**SOURCE RECORDS**
******
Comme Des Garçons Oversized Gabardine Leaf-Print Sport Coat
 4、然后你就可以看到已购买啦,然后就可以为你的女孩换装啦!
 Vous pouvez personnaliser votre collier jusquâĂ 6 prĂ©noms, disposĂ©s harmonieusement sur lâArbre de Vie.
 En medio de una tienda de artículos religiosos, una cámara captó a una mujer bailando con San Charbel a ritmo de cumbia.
******
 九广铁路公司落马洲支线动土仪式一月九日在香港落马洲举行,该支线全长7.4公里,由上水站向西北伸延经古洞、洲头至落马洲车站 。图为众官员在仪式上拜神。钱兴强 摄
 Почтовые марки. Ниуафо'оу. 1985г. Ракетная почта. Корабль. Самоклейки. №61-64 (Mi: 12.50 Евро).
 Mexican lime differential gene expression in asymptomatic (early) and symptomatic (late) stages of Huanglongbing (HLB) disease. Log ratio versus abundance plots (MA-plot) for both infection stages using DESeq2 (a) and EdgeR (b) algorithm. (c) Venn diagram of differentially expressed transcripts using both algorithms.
******
**PROBLEM TO SOLVE**
Set down, exactly as they stand above, the lines starting with the line with "Почтовые марки. Ниуафо'оу." and going on through the line with "Mexican lime differential", and no others.

**ANSWER TO THE PROBLEM**
 Почтовые марки. Ниуафо'оу. 1985г. Ракетная почта. Корабль. Самоклейки. №61-64 (Mi: 12.50 Евро).
 Mexican lime differential gene expression in asymptomatic (early) and symptomatic (late) stages of Huanglongbing (HLB) disease. Log ratio versus abundance plots (MA-plot) for both infection stages using DESeq2 (a) and EdgeR (b) algorithm. (c) Venn diagram of differentially expressed transcripts using both algorithms.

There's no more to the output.